:: Source material ::

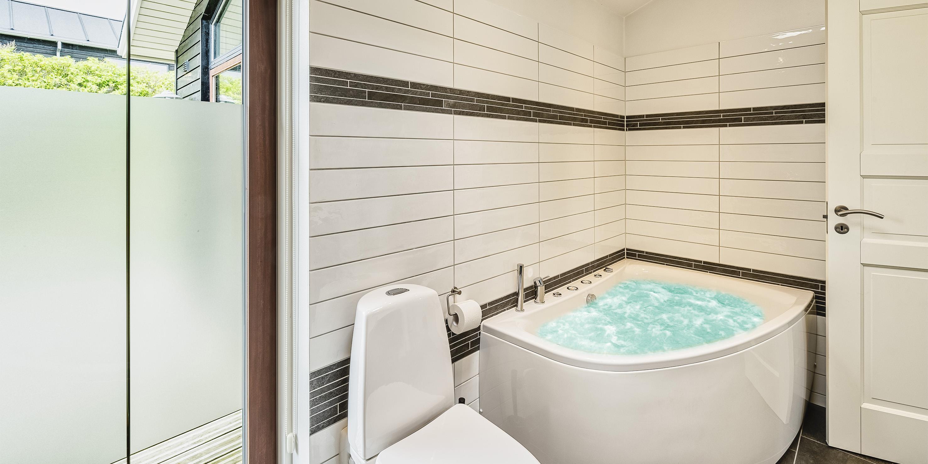 Badezimmer mit Toilette, Dusche und Waschbecken
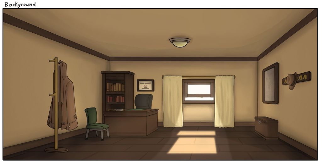 Meeting the boss is set within a small office, where the main character Andrew Mercer holds his meetings. The room contains only the things he deems necessary, with the only light in the room coming from the curtains to help frame his movements.
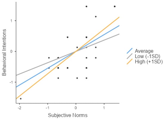 Similarly, as hypothesized in H3-2, subjective norms (Z = 15.98, p < 0.001) and social support (Z = 9.57, p < 0.001) significantly impacted the behavioral intentions. Furthermore, their interaction (Z = 6.14, p < 0.001) also had a significant effect on the behavioral intentions, thus validating H3-2. The independent variable, the moderator, and their interaction all exhibited positive effects, indicating an enhancing influence. Consequently, a simple slope analysis was conducted to explore the variations in the slope between the independent and dependent variables across three levels of the moderator: low (mean −1 SD), average, and high social support (mean +1 SD). The analysis indicated that social support significantly influenced the behavioral intentions across all three groups (low, average, and high social support) (respectively, Z = 15.32, p < 0.001; Z = 7.13, p < 0.001; Z = 17.61, p < 0.001).
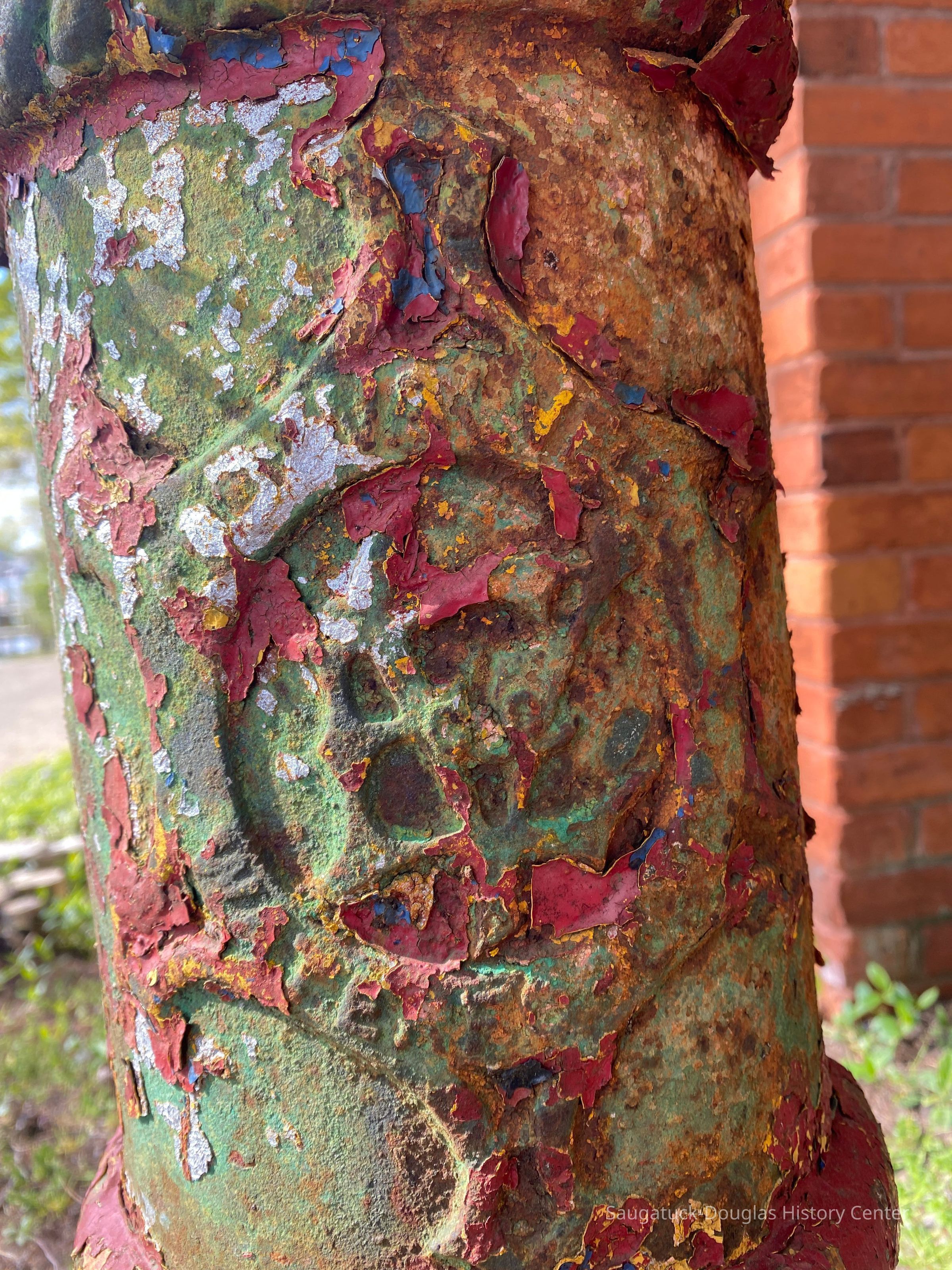 According to Vic Bella, for many years this hydrant laid in the museum garden, along the north wall of the building. In 2015, Erik Kirchert "planted" the hydrant to stand upright in its current location. The hydrant is not connected to a water supply. The original source of the hydrant is unknown. Most of these hydrants have been replaced with newer hydrants that support a greater water flow. This hydrant may have been one of the"double hydrants" noted in the 1910 and 1916 Sanborn Fire map [see 2009.15.02 and 2009.15.04]. According to Erik Kirchert of the Saugatuck Township Fire District, no hydrants of this type are in use as of 2023.
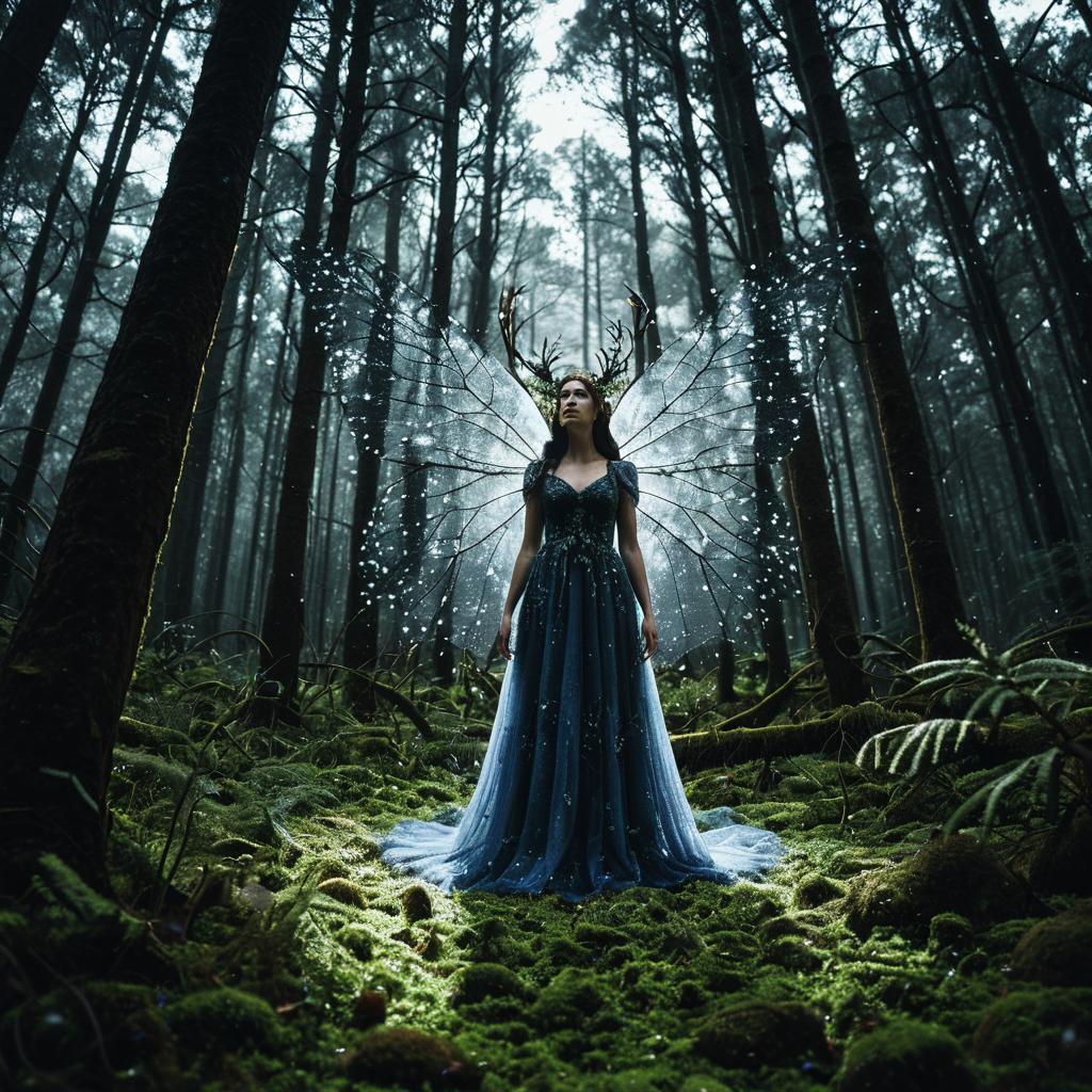 Fenrick, a brooding ranger in a pine forest, surrounded by pine cones, dry leaves, crow feathers, and fractured bark. Styled as a dark botanical scene captured from a bird's-eye view in a medium shot, with hyper-detailed, hyperrealistic rendering. The scene has a double-exposure effect and is captured in high resolution (10240k) with an ISO 9000 setting. Rendered as a RAW photo with high dynamic range, utilizing lumen, octane, f/32, and 1/600s for ultra-HD quality. Captured with a 30mm lens in a 3D CGI style, resulting in a dark, detailed forest atmosphere.
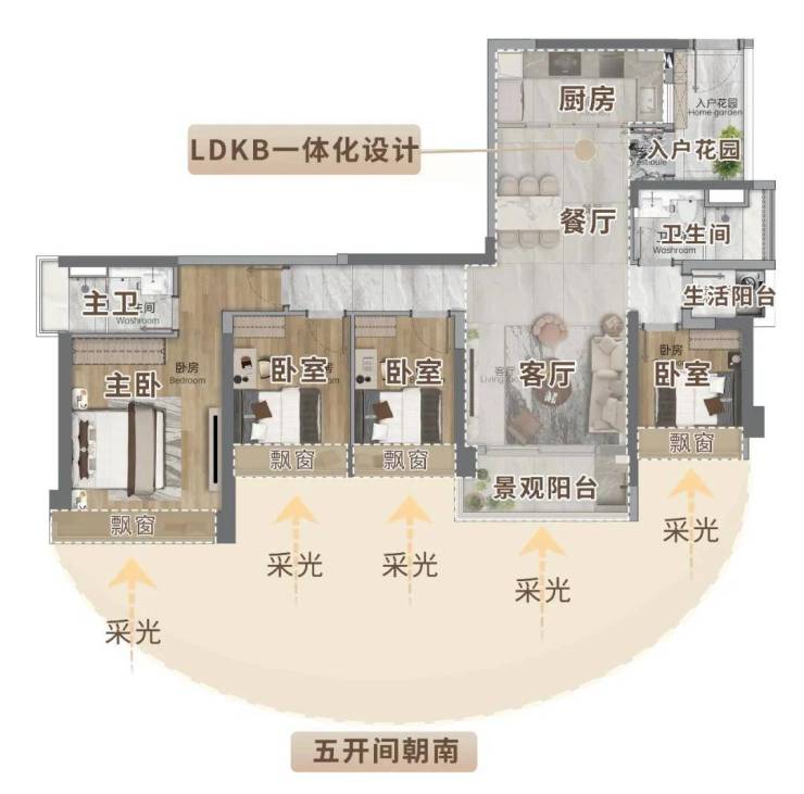 像不限购的建面约126㎡四房户型,五开间朝南,所有房间和客厅都能享受到一样的日照。厨房、餐厅、客厅、景观阳台采用一体化设计,大大减少过道空间浪费,在兼具实用性的同时,还可满足朋友聚餐、家庭互动等多重需求,体现高端生活品质。
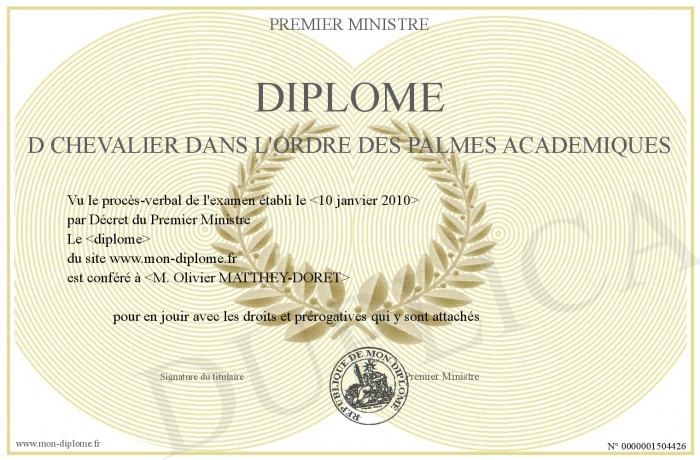 Envoyez par email votre Diplôme d Chevalier dans l'Ordre des Palmes académiques personalisé

:::

## What is expected
Take the line containing "Fenrick, a brooding" and all lines after it to the end of the data above, and reproduce them exactly, leaving out pictures. Nothing else belongs in the copy.

## Solution
 Fenrick, a brooding ranger in a pine forest, surrounded by pine cones, dry leaves, crow feathers, and fractured bark. Styled as a dark botanical scene captured from a bird's-eye view in a medium shot, with hyper-detailed, hyperrealistic rendering. The scene has a double-exposure effect and is captured in high resolution (10240k) with an ISO 9000 setting. Rendered as a RAW photo with high dynamic range, utilizing lumen, octane, f/32, and 1/600s for ultra-HD quality. Captured with a 30mm lens in a 3D CGI style, resulting in a dark, detailed forest atmosphere.
 像不限购的建面约126㎡四房户型,五开间朝南,所有房间和客厅都能享受到一样的日照。厨房、餐厅、客厅、景观阳台采用一体化设计,大大减少过道空间浪费,在兼具实用性的同时,还可满足朋友聚餐、家庭互动等多重需求,体现高端生活品质。
 Envoyez par email votre Diplôme d Chevalier dans l'Ordre des Palmes académiques personalisé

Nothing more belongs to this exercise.